Source records:
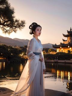 The ancient city in the river twinkling lights,lights reflected on the river,like a bright Milky Way,a pure white Hanfu girl standing alone on the boat,
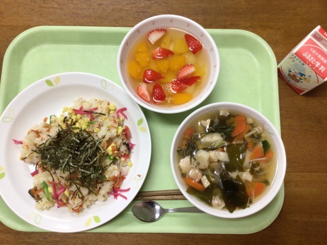 「春のちらし寿司、紅白お吸い物、フルーツ白玉、牛乳」です。
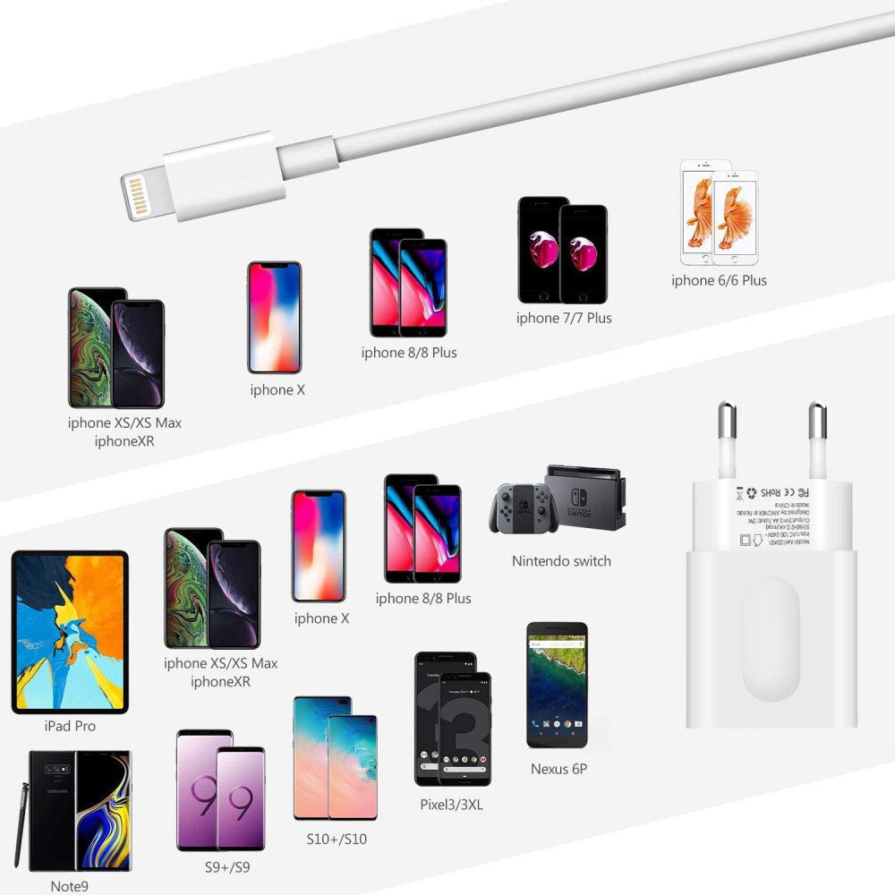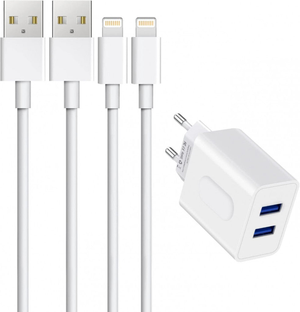 - Amoner 2-Port USB-A Nástěnný Nabíjecí Adaptér, 2 ks Lightning Kabelů pro Apple Zařízení
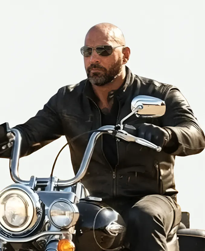 Dave Bautista Movie The Wrecking Crew 2026 James Black Leather Jacket
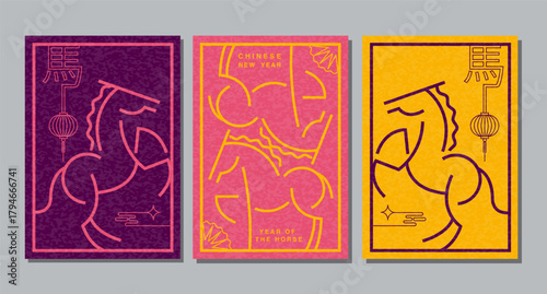 © momo design, Obraz premium Chinese New Year 2026 ,Year of the Horse ,line art , outline , simple linear
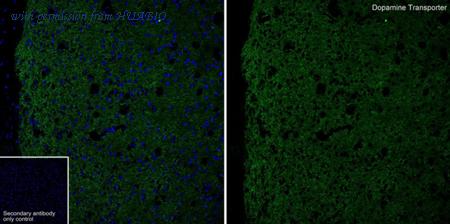 Immunohistochemical analysis of paraffin-embedded mouse striatum tissue with Rat anti-Dopamine Transporter antibody (HA601404) at 1/2,000 dilution. The section was pre-treated using heat mediated antigen retrieval with Tris-EDTA buffer (pH 9.0) for 20 minutes. The tissues were blocked in 1% BSA for 20 minutes at room temperature, washed with ddH2O and PBS, and then probed with the primary antibody (HA601404) at 1/2,000 dilution for 1 hour at room temperature. The detection was performed using an HRP conjugated compact polymer system. DAB was used as the chromogen. Tissues were counterstained with hematoxylin and mounted with DPX.
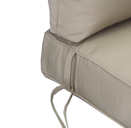 Enhance your outdoor seating with custom-sized, deep seating cushions featuring a refined boxed construction with double piping and an elegant, covered button detail on the back cushion. These cushions are designed for both style and comfort, adding a sophisticated touch to your patio furniture.
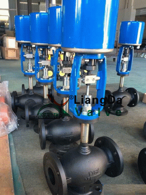 電動(dòng)三通閥配以電子驅(qū)動(dòng)控制裝置后,能調(diào)節(jié)蒸汽或冷、熱水的流量,廣泛應(yīng)用于中央空調(diào)、采暖、水處理、工業(yè)的流體控制。驅(qū)動(dòng)器是由可逆同步馬達(dá)驅(qū)動(dòng),并帶磁性離合器。馬達(dá)通過(guò)馬達(dá)轉(zhuǎn)子與離合器所產(chǎn)生的磁性作用,能在停頓的情況下產(chǎn)生穩(wěn)定的扭矩。故此當(dāng)馬達(dá)沒(méi)有電流通過(guò)時(shí)能穩(wěn)定地停頓在任何一點(diǎn),當(dāng)閥門全開(kāi)或全關(guān)時(shí)磁離合器分離,停止調(diào)節(jié)。驅(qū)動(dòng)器的遞增式或比例式控制器所發(fā)訊號(hào)能使馬達(dá)順時(shí)轉(zhuǎn)動(dòng)或逆時(shí)轉(zhuǎn)動(dòng)。電動(dòng)三通閥產(chǎn)品實(shí)物圖:
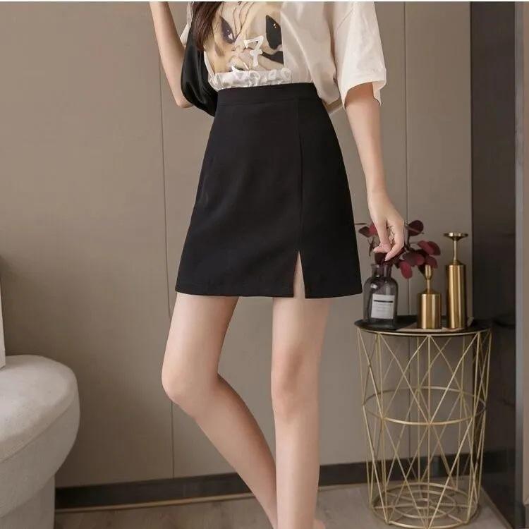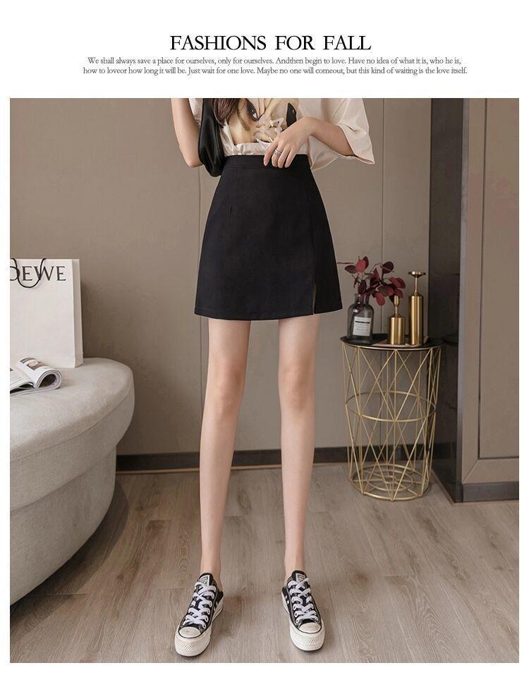 Falda Corta Estilo Preppy 2025 con Abertura Cubre Caderas para Mujer Falda Línea A Anti-Exposición Verano Cintura Alta Efecto Adelgazante

Exercise brief:
Could you repeat exactly the lines from the first one of the records above through the line containing "outline , simple linear", leaving out any pictures?

Result of this exercise:
 The ancient city in the river twinkling lights,lights reflected on the river,like a bright Milky Way,a pure white Hanfu girl standing alone on the boat,
 「春のちらし寿司、紅白お吸い物、フルーツ白玉、牛乳」です。
 - Amoner 2-Port USB-A Nástěnný Nabíjecí Adaptér, 2 ks Lightning Kabelů pro Apple Zařízení
 Dave Bautista Movie The Wrecking Crew 2026 James Black Leather Jacket
 © momo design, Obraz premium Chinese New Year 2026 ,Year of the Horse ,line art , outline , simple linear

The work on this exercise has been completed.